» **Exercise objective**
Wherever a line of the data contains "this", copy that line.

» **Exercise inputs**
########

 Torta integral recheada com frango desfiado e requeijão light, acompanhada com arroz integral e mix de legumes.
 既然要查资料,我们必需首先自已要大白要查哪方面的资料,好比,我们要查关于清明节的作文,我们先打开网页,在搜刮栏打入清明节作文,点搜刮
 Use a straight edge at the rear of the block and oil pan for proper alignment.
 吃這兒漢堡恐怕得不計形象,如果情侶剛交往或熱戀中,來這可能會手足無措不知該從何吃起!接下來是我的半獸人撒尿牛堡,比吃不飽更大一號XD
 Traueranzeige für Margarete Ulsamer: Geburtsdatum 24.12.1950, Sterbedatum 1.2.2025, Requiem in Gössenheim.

########

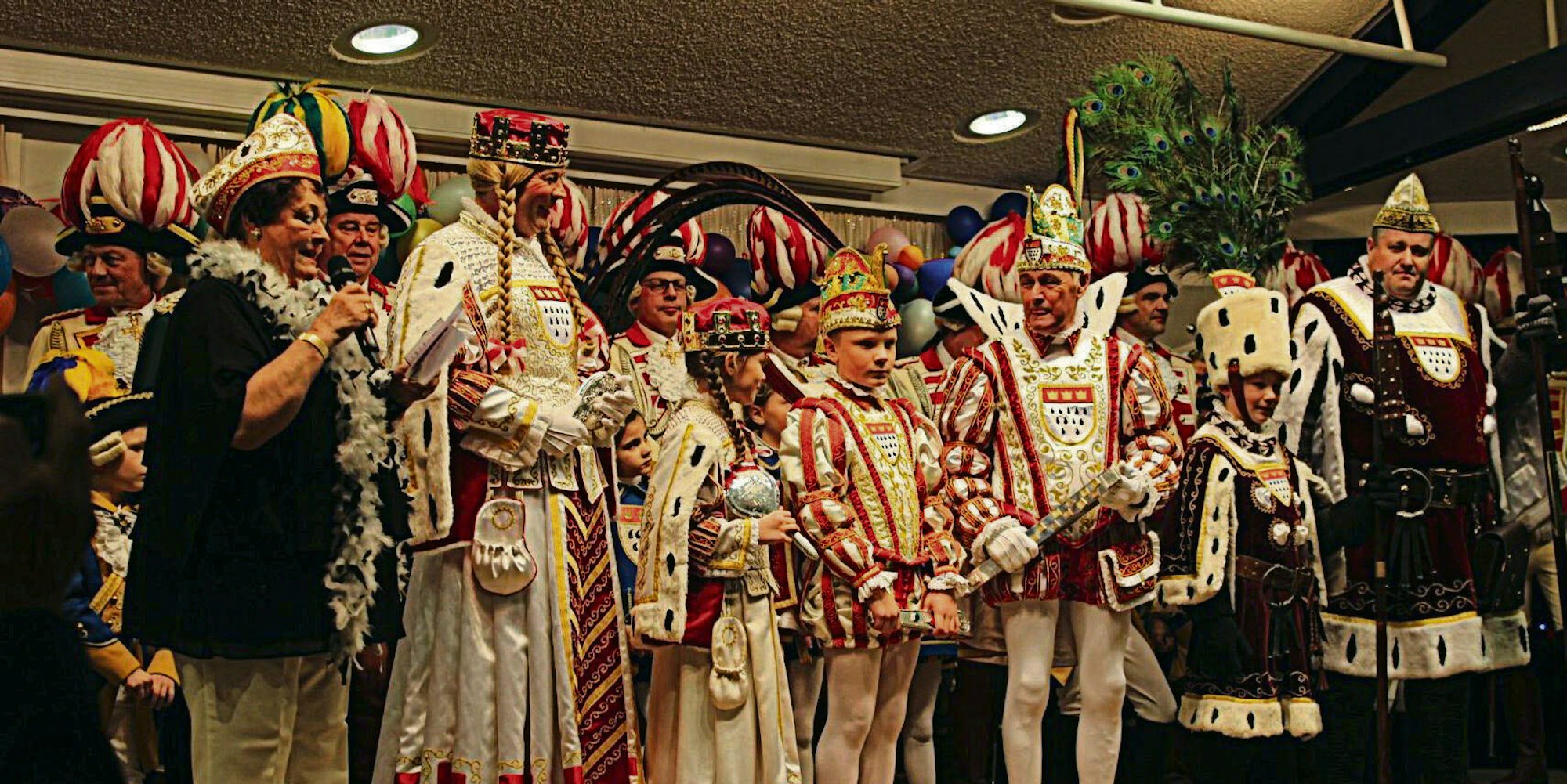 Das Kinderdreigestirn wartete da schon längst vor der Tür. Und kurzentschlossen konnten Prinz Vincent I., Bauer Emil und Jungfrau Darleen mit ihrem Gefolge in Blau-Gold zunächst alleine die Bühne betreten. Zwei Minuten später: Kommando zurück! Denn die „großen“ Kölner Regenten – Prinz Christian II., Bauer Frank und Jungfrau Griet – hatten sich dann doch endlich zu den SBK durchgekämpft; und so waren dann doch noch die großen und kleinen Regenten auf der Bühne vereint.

########

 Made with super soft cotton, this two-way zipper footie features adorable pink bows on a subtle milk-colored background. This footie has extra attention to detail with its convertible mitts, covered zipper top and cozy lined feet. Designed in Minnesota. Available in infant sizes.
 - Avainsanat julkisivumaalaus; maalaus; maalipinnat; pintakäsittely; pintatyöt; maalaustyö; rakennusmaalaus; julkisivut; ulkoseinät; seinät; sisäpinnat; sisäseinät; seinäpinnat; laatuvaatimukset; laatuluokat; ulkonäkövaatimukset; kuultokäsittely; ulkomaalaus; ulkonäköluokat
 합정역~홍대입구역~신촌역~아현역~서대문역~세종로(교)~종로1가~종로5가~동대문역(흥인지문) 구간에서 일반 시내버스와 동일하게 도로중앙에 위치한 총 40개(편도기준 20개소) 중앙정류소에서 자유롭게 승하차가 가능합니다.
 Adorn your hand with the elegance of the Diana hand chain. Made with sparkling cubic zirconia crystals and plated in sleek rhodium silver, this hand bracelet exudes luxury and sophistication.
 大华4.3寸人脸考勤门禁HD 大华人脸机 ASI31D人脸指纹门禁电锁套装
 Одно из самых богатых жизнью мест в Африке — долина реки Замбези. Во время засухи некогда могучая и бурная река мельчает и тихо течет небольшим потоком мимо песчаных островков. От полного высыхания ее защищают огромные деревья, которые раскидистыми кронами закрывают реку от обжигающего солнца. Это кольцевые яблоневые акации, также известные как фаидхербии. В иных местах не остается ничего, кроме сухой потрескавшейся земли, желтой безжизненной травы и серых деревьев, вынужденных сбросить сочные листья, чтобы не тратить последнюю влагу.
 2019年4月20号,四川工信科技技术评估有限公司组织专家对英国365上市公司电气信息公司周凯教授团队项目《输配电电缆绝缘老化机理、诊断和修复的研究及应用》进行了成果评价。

########

» **Task output**
 Made with super soft cotton, this two-way zipper footie features adorable pink bows on a subtle milk-colored background. This footie has extra attention to detail with its convertible mitts, covered zipper top and cozy lined feet. Designed in Minnesota. Available in infant sizes.
 Adorn your hand with the elegance of the Diana hand chain. Made with sparkling cubic zirconia crystals and plated in sleek rhodium silver, this hand bracelet exudes luxury and sophistication.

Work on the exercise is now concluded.